In your scenario the B2BUA is a Nortel PBX, which supports its own Info 
package.  Ergo it understands the new Info package draft, and should know what 
its doing.  As it stands right now the draft's scope ends at the B2BUA, because 
it ends at the UAS.  Are you thinking we should specify what a B2BUA should do?


> What is messed up with this situation is UA-SNOM has to know whether
> it is in "PBX mode" or "VM mode" to know which package to use. Worse
> yet, what happens if the phone says, "Well, the UAS is giving me the
> choice of Nortel or Cisco. I'll chose Nortel" and then proceed to be
> connected to the Cisco box.

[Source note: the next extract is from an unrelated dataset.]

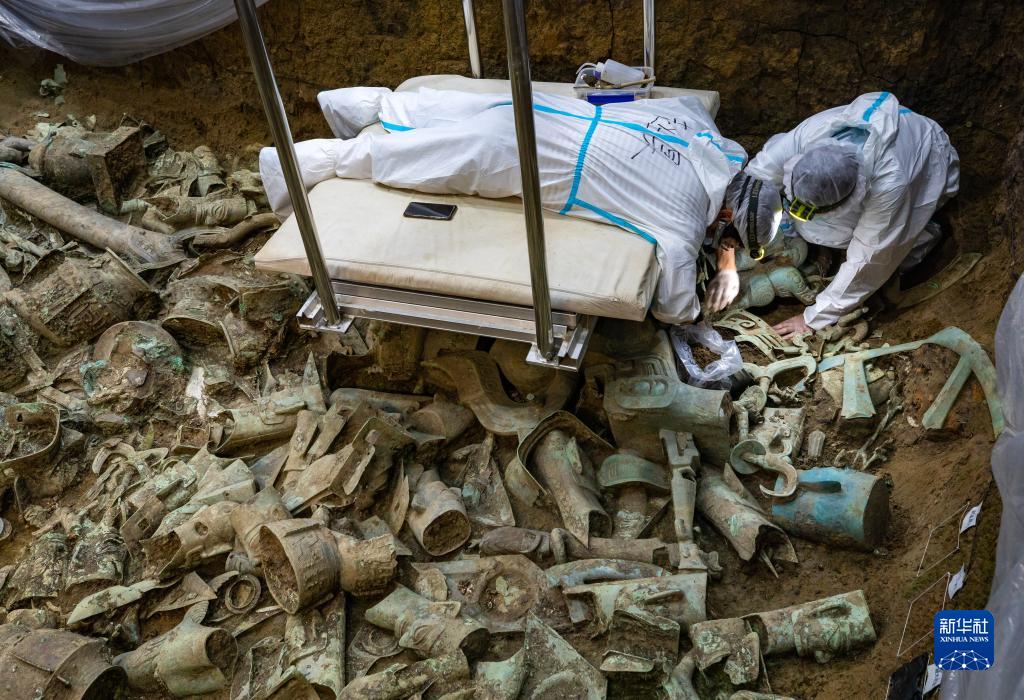 在三星堆遺址8號“祭祀坑”,8號“祭祀坑”發(fā)掘負(fù)責(zé)人、北京大學(xué)考古文博學(xué)院副教授趙昊(左)與考古工作者任俊鋒一起清理銅神壇(6月1日攝)。新華社記者 沈伯韓 攝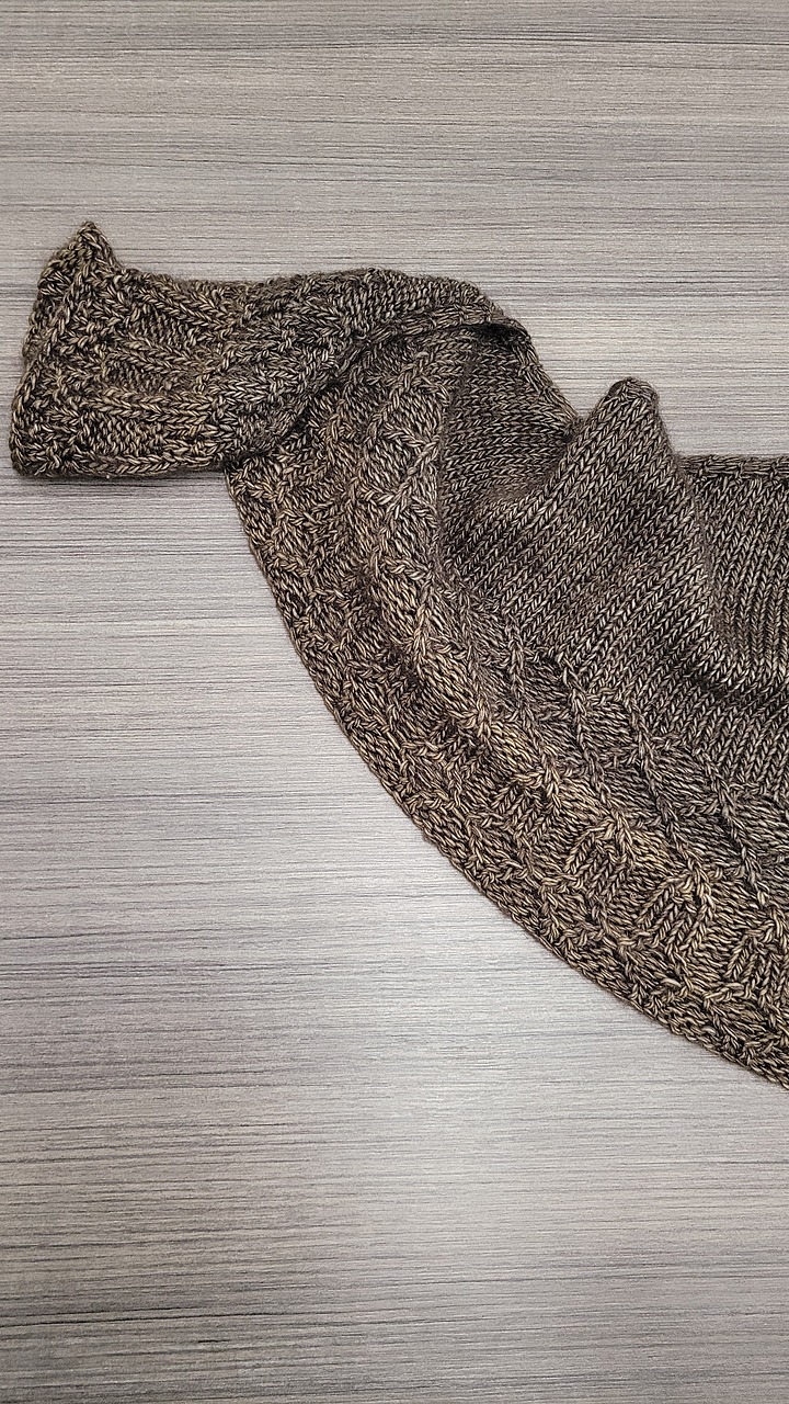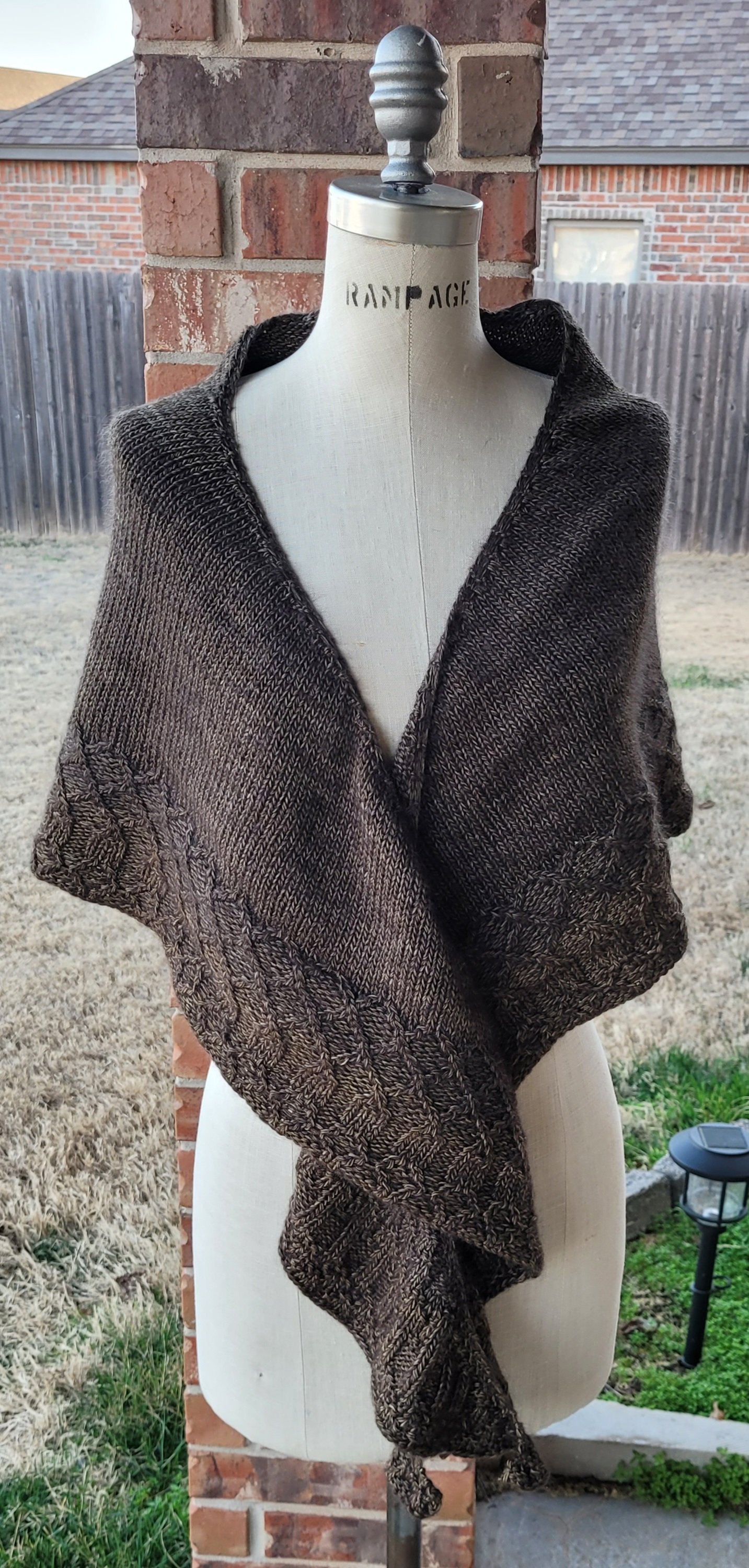 Marisa made the sample in a rich brown shade used MT merino light and Shibui cloud.

The Cisco box then barfs.

First, the Cisco shouldn't barf. (though barfing does keep the weight down :)  
It should reject the INFO, and in its response it gets a chance to put in what 
recv-info it does support, so Snom learns better.  That *is* your "Oh no you 
don't" re-learning exchange. :)

But I also don't understand how that could really happen to begin with, except 
for in one specific case.

The cases as I see them:
- If a B2BUA routes the call to Nortel, then Snom would get a Nortel recv-info.
- If it routes it to the Cisco, then SNOM would get a Cisco recv-info.
- If the B2BUA supported its own package, then one would think it would also 
eat the INFO requests for its own package and not forward them on.
- If the B2BUA forks the call as a proxy, the SNOM will get each recv-info on a 
separate early dialog, which is fine.
- If the B2BUA hides the details of the Nortel or Cisco dialog legs from Snom, 
I don't know how it would get the chance to tell Snom both packages at the same 
time to create such confusion, without knowing about this new Info draft thing 
to begin with.  It would have to know/understand the Info package draft to do 
such muxing/combining.  Once it knows the new draft, it would know to "route" 
the appropriate INFO message to the appropriate party, or reject it if that leg 
is gone.  No barfing.
- If the B2BUA moved the call discretely from Nortel to Cisco, and 
supported/understood this new Info-package draft, it would know it needs to 
update the Snom UA with the current packages in an in-dialog Invite/Update 
recv-info, because it truly no longer supports both packages.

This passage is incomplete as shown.